• Exercise data:
++++++
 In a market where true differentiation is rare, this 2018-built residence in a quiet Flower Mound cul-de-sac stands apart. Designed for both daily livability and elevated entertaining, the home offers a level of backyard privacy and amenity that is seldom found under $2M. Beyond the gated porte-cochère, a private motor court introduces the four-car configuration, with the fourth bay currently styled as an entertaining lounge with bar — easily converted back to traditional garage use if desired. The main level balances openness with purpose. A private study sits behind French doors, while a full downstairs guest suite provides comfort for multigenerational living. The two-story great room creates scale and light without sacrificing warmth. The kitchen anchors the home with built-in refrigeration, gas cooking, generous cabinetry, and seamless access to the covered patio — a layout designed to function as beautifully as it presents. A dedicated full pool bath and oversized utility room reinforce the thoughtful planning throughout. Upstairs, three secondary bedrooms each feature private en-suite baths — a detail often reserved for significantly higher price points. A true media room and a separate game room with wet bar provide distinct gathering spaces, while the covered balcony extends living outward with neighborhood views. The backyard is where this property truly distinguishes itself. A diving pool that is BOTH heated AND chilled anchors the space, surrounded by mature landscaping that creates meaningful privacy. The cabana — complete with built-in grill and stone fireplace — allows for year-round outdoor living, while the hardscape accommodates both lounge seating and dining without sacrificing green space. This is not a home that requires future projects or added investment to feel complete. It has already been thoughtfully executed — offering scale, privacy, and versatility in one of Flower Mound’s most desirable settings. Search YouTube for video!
++++++
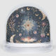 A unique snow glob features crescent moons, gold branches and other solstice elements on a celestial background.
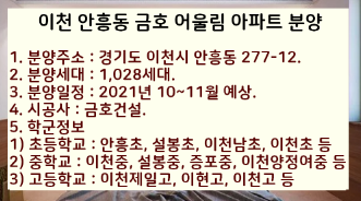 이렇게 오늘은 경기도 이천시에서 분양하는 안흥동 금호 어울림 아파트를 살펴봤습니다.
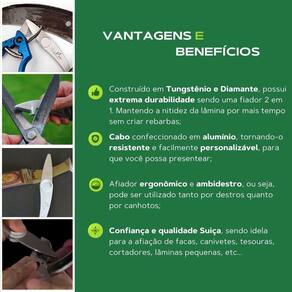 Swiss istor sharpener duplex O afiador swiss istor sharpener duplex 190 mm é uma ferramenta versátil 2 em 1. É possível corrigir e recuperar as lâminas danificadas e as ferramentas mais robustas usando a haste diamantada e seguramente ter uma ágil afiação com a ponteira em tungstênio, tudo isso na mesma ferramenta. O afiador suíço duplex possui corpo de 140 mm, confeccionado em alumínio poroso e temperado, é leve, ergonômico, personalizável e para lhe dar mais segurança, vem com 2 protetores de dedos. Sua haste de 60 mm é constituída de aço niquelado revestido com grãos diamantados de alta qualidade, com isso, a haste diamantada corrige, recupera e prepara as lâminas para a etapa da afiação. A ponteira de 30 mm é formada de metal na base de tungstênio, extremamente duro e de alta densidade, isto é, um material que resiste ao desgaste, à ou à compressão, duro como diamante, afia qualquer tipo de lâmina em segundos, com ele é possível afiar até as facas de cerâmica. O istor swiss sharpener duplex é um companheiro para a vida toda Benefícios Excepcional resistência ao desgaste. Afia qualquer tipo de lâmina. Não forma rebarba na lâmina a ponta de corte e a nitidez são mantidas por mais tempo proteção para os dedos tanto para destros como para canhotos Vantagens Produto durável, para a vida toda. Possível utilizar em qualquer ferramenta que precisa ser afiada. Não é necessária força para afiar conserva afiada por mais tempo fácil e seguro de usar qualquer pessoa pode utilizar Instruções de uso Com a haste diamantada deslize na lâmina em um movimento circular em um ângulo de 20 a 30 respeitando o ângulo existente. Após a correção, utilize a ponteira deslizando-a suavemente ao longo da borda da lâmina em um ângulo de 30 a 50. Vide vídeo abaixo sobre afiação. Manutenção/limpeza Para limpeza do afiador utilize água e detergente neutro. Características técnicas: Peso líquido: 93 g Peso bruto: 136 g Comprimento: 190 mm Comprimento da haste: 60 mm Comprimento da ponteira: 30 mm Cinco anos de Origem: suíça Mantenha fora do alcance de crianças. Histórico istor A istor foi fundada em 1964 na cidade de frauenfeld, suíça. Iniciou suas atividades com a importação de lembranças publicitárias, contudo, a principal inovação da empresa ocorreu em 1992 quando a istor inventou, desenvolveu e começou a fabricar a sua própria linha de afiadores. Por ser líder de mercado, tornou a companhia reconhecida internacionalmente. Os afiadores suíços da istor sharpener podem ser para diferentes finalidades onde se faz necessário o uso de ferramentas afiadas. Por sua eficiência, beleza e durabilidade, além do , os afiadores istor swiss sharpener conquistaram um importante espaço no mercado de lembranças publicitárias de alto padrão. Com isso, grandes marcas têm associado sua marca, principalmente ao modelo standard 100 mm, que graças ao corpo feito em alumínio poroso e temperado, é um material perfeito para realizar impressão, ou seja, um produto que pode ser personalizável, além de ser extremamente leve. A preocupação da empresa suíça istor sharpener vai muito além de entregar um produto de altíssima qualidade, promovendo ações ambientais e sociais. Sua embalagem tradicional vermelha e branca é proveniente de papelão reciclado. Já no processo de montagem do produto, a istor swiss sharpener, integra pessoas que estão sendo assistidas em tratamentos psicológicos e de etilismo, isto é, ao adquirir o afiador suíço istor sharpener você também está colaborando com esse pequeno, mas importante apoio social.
++++++
• Exercise aim:
Please print the lines above word for word, starting at the one with "A unique snow" and ending at the one with "이렇게 오늘은 경기도", both included, and without any picture.

• Task output:
 A unique snow glob features crescent moons, gold branches and other solstice elements on a celestial background.
 이렇게 오늘은 경기도 이천시에서 분양하는 안흥동 금호 어울림 아파트를 살펴봤습니다.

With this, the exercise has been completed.